Beijing-For women with uncomplicated, stress-predominant incontinence, urodynamic testing adds considerable expense without improving surgical outcomes, a recent analysis of the ValUE (Value of Urodynamic Evaluation) trial shows.
Previously published results of the ValUE trial established that for women with uncomplicated, demonstrable stress urinary incontinence (SUI), the addition of urodynamic testing to a thorough preoperative office assessment has no benefit for improving patient outcomes (N Engl J Med 2012; 366:1987-97). Data presented at the 2012 International Continence Society annual meeting in Beijing highlight the significant cost associated with urodynamics.
The cost analyses were undertaken as a planned secondary analysis in the multicenter ValUE trial that randomized 630 women to undergo surgery after having a standard preoperative basic office evaluation only or with urodynamic testing. Women were eligible for randomization if they had stress-predominant UI with objective evidence of leakage on a provocative stress test and no complicating factors (eg, large residual urinary volume, urinary tract infection, neurologic disease, prolapse >stage 2) identified in the office evaluation. There were no differences in surgical outcomes or overall patient satisfaction between the two study groups at 1 year.
The cost analyses presented by first author Peggy A. Norton, MD, considered only the cost of urodynamic testing. Assuming the minimum testing with only complex cystometrogram and complex uroflow, the total cost for the testing of a patient with Medicare coverage, depending on study site, ranged from $350 to $375. Cost of the minimum urodynamic testing paid for by private insurance ranged from $600 to $1,000.

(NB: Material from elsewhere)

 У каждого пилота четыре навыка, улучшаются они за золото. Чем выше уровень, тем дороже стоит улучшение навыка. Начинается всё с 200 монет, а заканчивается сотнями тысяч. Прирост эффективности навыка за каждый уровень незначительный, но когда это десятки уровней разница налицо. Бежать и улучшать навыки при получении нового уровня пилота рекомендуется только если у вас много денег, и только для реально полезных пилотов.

Testing could add millions in costs
To put these data into a real-world perspective, total annual costs to the health care system associated with unnecessary urodynamic testing were calculated based on an estimated 130,000 women in the U.S. having a primary surgical procedure for uncomplicated stress-predominant UI each year and assuming different proportions of patients would undergo the additional testing. At the very least, in a scenario where only 10% of women would have urodynamic testing and all were covered by Medicare, the total cost of the testing was $4.6 million. At the other end of the spectrum, assuming that 90% of women would undergo urodynamic testing and all had private insurance, the testing added over $100 million in costs.
“Urodynamic investigation before SUI surgery has become standard throughout much of the world despite insufficient evidence to support its use. However, for any testing, unless it makes a difference for patient outcomes, it is a luxury, not a necessity,” said Dr. Norton, chief of urogynecology and pelvic reconstructive surgery at the University of Utah, Salt Lake City.

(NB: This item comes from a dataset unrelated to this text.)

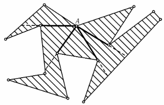 а) Если многоугольник выпуклый, то утверждение очевидно. Предположим теперь, что внутренний угол многоугольника при вершине A больше 180°. Видимая часть стороны видна из точки A под углом меньше 180°, поэтому из точки A видны части по крайней мере двух сторон. Следовательно, существуют лучи, выходящие из точки A, на которых происходит смена (частей) сторон, видимых из точки A (на рис. изображены все такие лучи). Каждый из этих лучей задаёт диагональ, целиком лежащую внутри многоугольника.

“The findings of the ValUE study indicate surgeons can feel confident skipping this testing for women with uncomplicated, stress-predominant UI undergoing their first surgery because it won’t improve outcomes, and in omitting this testing, they will be saving financial resources that might be better spent elsewhere.”

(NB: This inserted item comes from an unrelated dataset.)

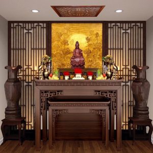 Màu sắc trầm của gỗ giúp không gian thờ trở nên tĩnh lặng và linh thiêng hơn. Qua thời gian, bàn thờ gỗ gụ không hề xuống cấp mà còn tăng thêm giá trị thẩm mỹ. Đây là loại bàn thờ thể hiện sự chu đáo và lòng thành kính của gia chủ đối với tổ tiên. Gỗ gụ cũng được xem là chất liệu mang ý nghĩa phong thủy tốt, tượng trưng cho sự bền vững và trường tồn. Việc sở hữu một chiếc bàn thờ gỗ gụ còn thể hiện gu thẩm mỹ và đẳng cấp của gia đình. Dù trải qua nhiều năm sử dụng, bàn thờ vẫn giữ được độ chắc chắn và vẻ đẹp cổ kính. Chính vì những ưu điểm đó, bàn thờ gỗ gụ luôn được đánh giá cao và được truyền từ đời này sang đời khác như một giá trị tinh thần quý báu.

Now, additional analyses are being conducted looking carefully at incremental costs incurred in the two study groups over the first year after surgery.
“However, we don’t expect to find that the cost effectiveness of urodynamic testing changes one way or the other because there were no differences in adverse events or complications between the study groups,” Dr. Norton said.
Dr. Norton noted that the findings are very practical and applicable to most urologists and gynecologists because the study participants-women with uncomplicated, stress-predominant UI undergoing their first surgery-represent the typical patient seen in their daily practice. However, she cautioned that the results should not be extrapolated to other types of patients.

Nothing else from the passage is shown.